Some simple Questios about Derivaties

Dear All,
I have a simple question which creates confusion for me

1. What is derivative of zero function? I know derivative of constant is zero and derivative of ZERO is zero. But the problem is derivative of ZERO Function at Zero becomes indeterminate form i.e
$f'(x)=\lim_{x \to \0} \frac{\mathrm{0-0} }{\mathrm{x-0} }$

2. We know that continuity is defined on some closed interval $[a, b]$ , but derivative is defined on open interval $(a, b)$ . Why?

3. In almost every book of calculus, theorem about test of increasing and decreasing function is given one way as:
If f is continuous on closed interval $[a, b]$ , and differentiable on $(a, b),$
(i) if $f'(x)>0,$ for all x in $(a, b)$ , then f is increasing
(ii) if $f'(x)<0$ , for all x in $(a, b)$ , then f is decreasing [/TEX].
To my knowledge converse of the theorem is also true i.e if f is increasing then $f'(x)>0,$ . In books why only way statement is written? or I am wrong.
May 30th 2011, 02:29 AM
Ted

1. Zero function is a constant also.
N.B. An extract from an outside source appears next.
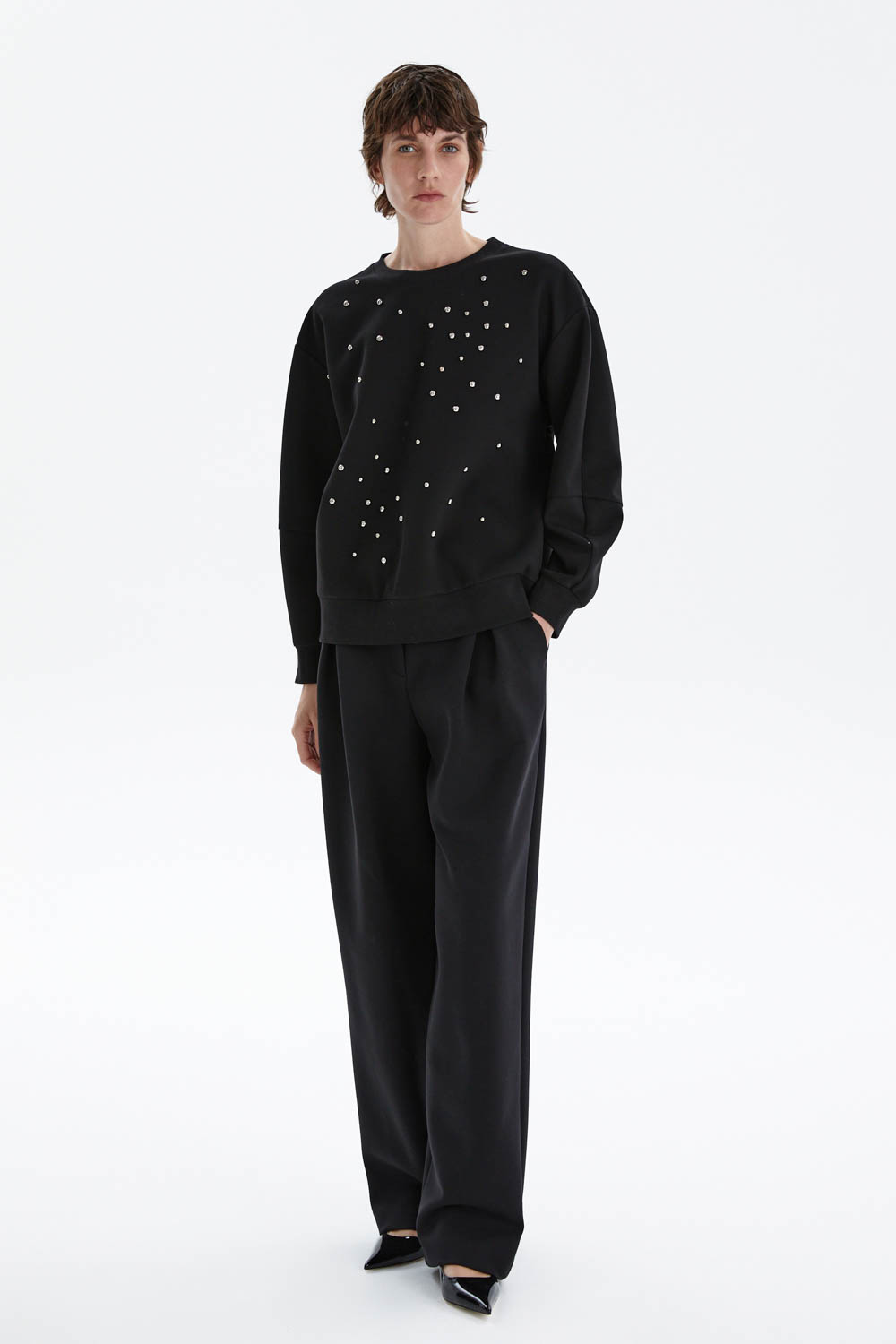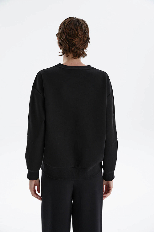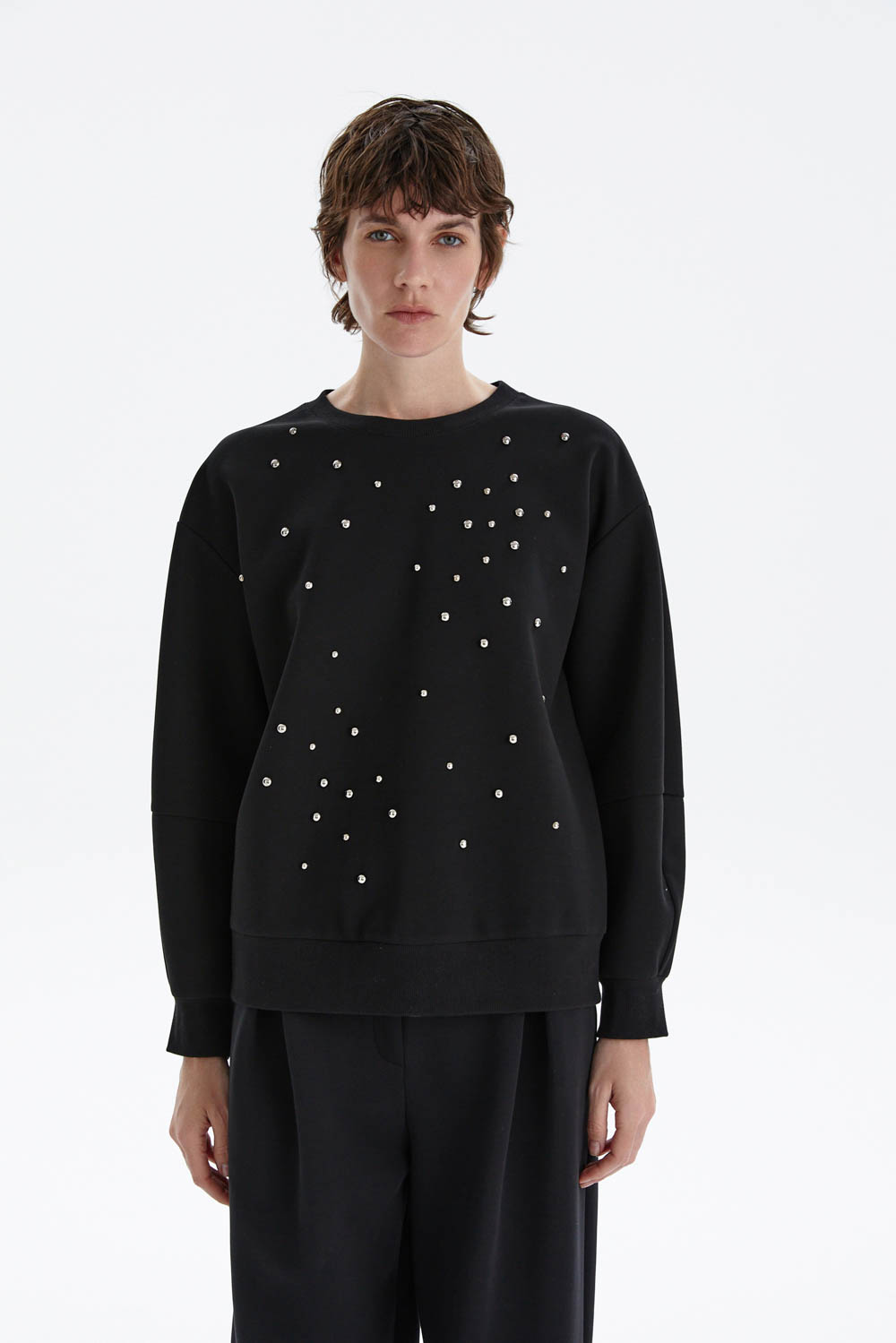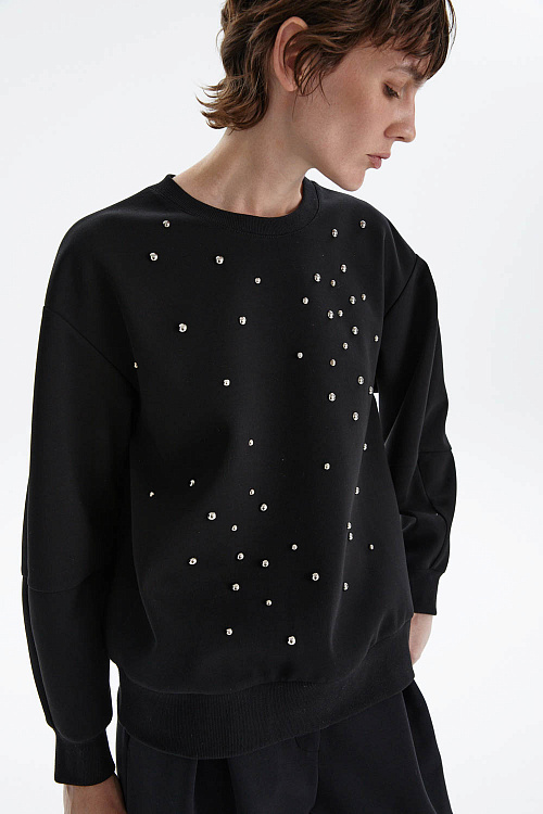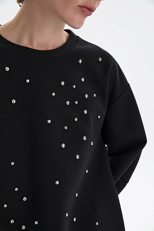 Свитшот свободного кроя в чёрном цвете с декоративной россыпью металлических страз на передней части — эффектный акцент для стильных образов. Лаконичный фасон и мягкий трикотаж дарят комфорт, а мерцающие детали придают изделию изысканный характер и лёгкую игривость.

No need for the limit definition.

2. Good question! It is impossible for the function to be differentiable on the end points because in order to be differentiable it should continuous first, and in order to be continuous it should be continuous from right and left. But the function is not defined at the right of b and the left of a. This means it is not continuous on b from right (or a from left), hence it is not differentiable.

3. Because this test is given as an application of the derivatives so it should be written so that the student will differentiate in order to test his understanding of differentiation.
and you are right. f is increasing (decreasing) if and only if f' > 0 (f' < 0).
May 30th 2011, 02:30 AM
Prove It

1. Use $\displaystyle f'(x) = \lim_{h \to 0}\frac{f(x + h) - f(x)}{h}$ instead.
May 30th 2011, 10:40 AM
HallsofIvy

Haven't you noticed that every derivative is an indeterminant form?

$\lim_{h\to 0}\frac{f(x+h)- f(x)}{h}$

Obviously, the denominator is going to 0. In order that the limit exist, it must be true that the numerator also goes to 0 (f is continuous).

In order to take the limit defining any derivative, you need to use this:
If f(x)= g(x) for all x except x= a, $\lim_{x\to a} f(x)= \lim_{x\to a}g(x)$

The derivative of the constant function, f(x)= 0 for all x, [tex]\frac{0- 0}{h}= 0[/itex] for all x except x= 0 so
$f'(x)= \lim_{h\to 0}\frac{0 - 0}{h}= \lim_{h\to 0} 0= 0$
May 30th 2011, 11:31 AM
Ackbeet

Quote:

Originally Posted by Ted

2. Good question! It is impossible for the function to be differentiable on the end points because in order to be differentiable it should continuous first, and in order to be continuous it should be continuous from right and left. But the function is not defined at the right of b and the left of a. This means it is not continuous on b from right (or a from left), hence it is not differentiable.

True for the two-sided derivative. You can actually define the derivative from the right at a left endpoint, and the derivative from the left at a right endpoint. In the limit definition of the derivative, you'd just use one-sided limits. I think some books may do it that way (or I could be mistaken). In that case, you could say that the function is differentiable on a closed interval if it's differentiable (two-sided) on the open interval, and differentiable from the right at the left endpoint, and differentiable from the left at the right endpoint.